Number:
AGO 71-159
Issued
Subject:
Government in the Sunshine
Re: GOVERNMENT IN THE SUNSHINE--MEETING OF A PUBLIC BODY IN A PUBLIC DINING ROOM
To: Richard M. Sepler, City Attorney, Hialeah
Prepared by: Rebecca Bowles Hawkins, Assistant Attorney General
QUESTION:
May a meeting of a public body, to which the public and the press is invited, be held in a public dining room?
SUMMARY:
There is no violation of law in holding meetings of public bodies in public dining rooms, provided other stipulations of s. 286.011, F. S., are met; however, such meetings are discouraged.
The meetings in question are held in a public dining room at 6:00 p.m. prior to the regularly scheduled meeting of the city council at the city hall at 7:30 p.m. Apparently no official action is taken by the council during the dinner meeting. However, the matters on the agenda are discussed with the city administrator; and, from time to time, department heads, the city engineer, and the city attorney join the meeting and, presumably, enter into the discussion. Members of the public and the press are invited to attend and occasionally appear and sit at the table with the members of the council.
Even though no official action is taken at a meeting of a public body, it is nonetheless a "public meeting" within the purview of the Sunshine Law, s. 286.011, F. S. This was made quite clear by the Florida Supreme Court in Board of Public Instruction of Broward County v. Doran, Fla. 1969, 224 So.2d 693, and City of Miami Beach v. Berns, opinion filed January 27, 1971. In the Doran case the court stated unequivocally that ". . . [t]he obvious intent was to cover any gathering of the members where the members deal with some matter on which foreseeable action will be taken by the board." A discussion of matters on the agenda for the regularly scheduled meeting to follow the dinner meeting is unquestionably concerned with matters on which foreseeable action will be taken by the board. The dinner meeting in question is, therefore, a public meeting within the purview of the Sunshine Law, supra.
There is nothing in the Sunshine Law that expressly requires the meeting of a public body to be held in the same location at all times; and I have no doubt that in the proper circumstances—as, for example, when larger quarters are required for a hearing on a matter that has excited great public interest—the public body may hold its meeting in a place other than its regular meeting place after due notice has been given to the public and the press. Here, however, it appears that the meetings in question are held at another location for the sole benefit of the members of the city council—and, perhaps, its staff members. This fact, standing alone, would not appear to constitute a ground for criticism or make the meeting suspect as one not open to the public; and I do not think it can be said, categorically, that a public body may not call a special meeting at a place other than its regular meeting place to suit the convenience of its members without violating the Sunshine Law.
In our earlier personal discussion of this matter, I advised you that I did not believe the meetings you describe violated the penal provisions of the Sunshine Law. This was my opinion at that time and it is still my opinion today. The rationale for such a view is founded upon the well-established principle of statutory interpretation that penal statutes should be strictly construed.
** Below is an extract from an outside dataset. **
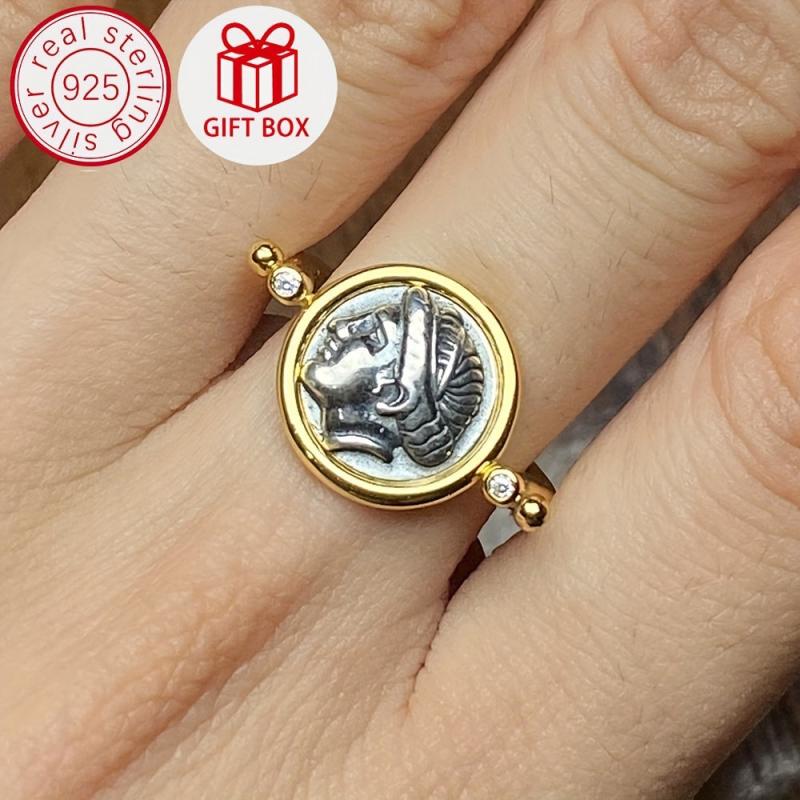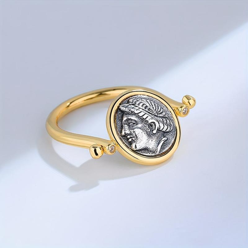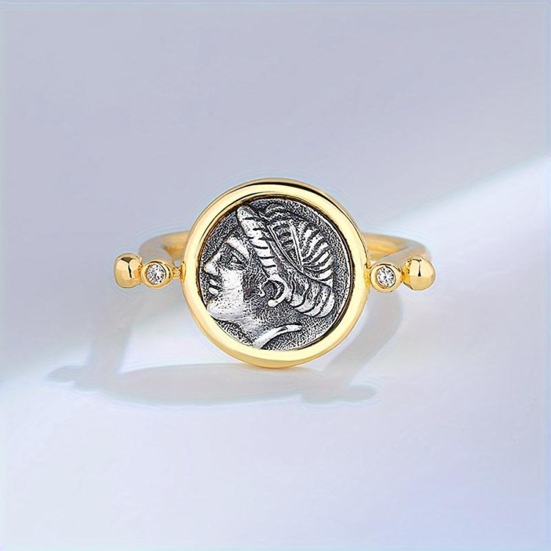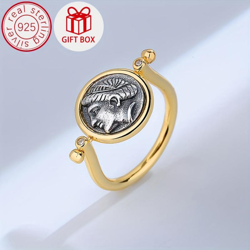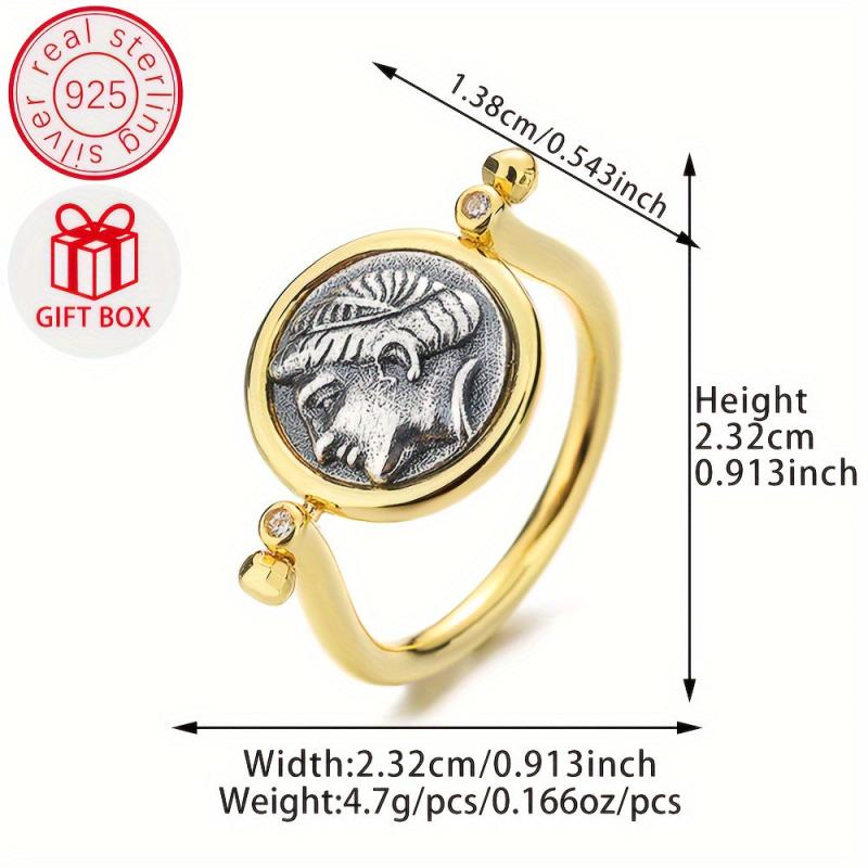 Elevate your style with this vintage-inspired double sided rotatable ring featuring a zirconia April birthstone. Crafted from S925 sterling silver and 18K golden plated, this coin jewelry piece exudes luxury and elegance.
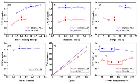 (a–d) GPC values of HfO2 deposited at 80 °C by thermal ALD and PEALD as functions of precursor exposure time, reactant exposure time, purge time and plasma exposure time. (e) Thickness values as a function of ALD cycles with thermal ALD and PEALD. (f) ALD windows as functions of deposition temperature with thermal ALD (150–200 °C) and PEALD (80–150 °C).

However, strict construction of penal statutes notwithstanding, I am constrained to include in this opinion an admonition and caveat unique to the Sunshine Law in its legislative and judicial history.
It is not gainsaid that the Supreme Court of Florida has given the Sunshine Law a very broad literal and liberal interpretation. See cases cited supra. In view of the liberal construction that the Supreme Court has given the Sunshine Law, it is likely that the court would view with some apprehension a public body meeting continuously in a place that the general public does not feel free to enter. It may well be that the court would view such a meeting as violative of the spirit and intent of the Sunshine Law, even though not a violation of the letter of the law.
It seems to me that the selection of a public dining room for the meeting might have a "chilling" effect on the public's willingness or desire to attend the meeting, since there would undoubtedly be many persons who would be reluctant to enter a public dining room without making a dinner purchase and who would be financially unable or personally unwilling to do so. Your letter does not state what arrangements were made to make sure that the proceedings were audible to the members of the public and the press in attendance; and I cannot help but observe that discussions among city council members and staff members that are audible only to a select few who are seated at the table with them might not satisfy the "openness" requirement of the Sunshine Law.
In light of these considerations, and without the benefit of judicial clarification, I am of the view that the city council might well be advised to avoid even the appearance of impropriety by expending all efforts to conform to the spirit as well as the letter of the Sunshine Law.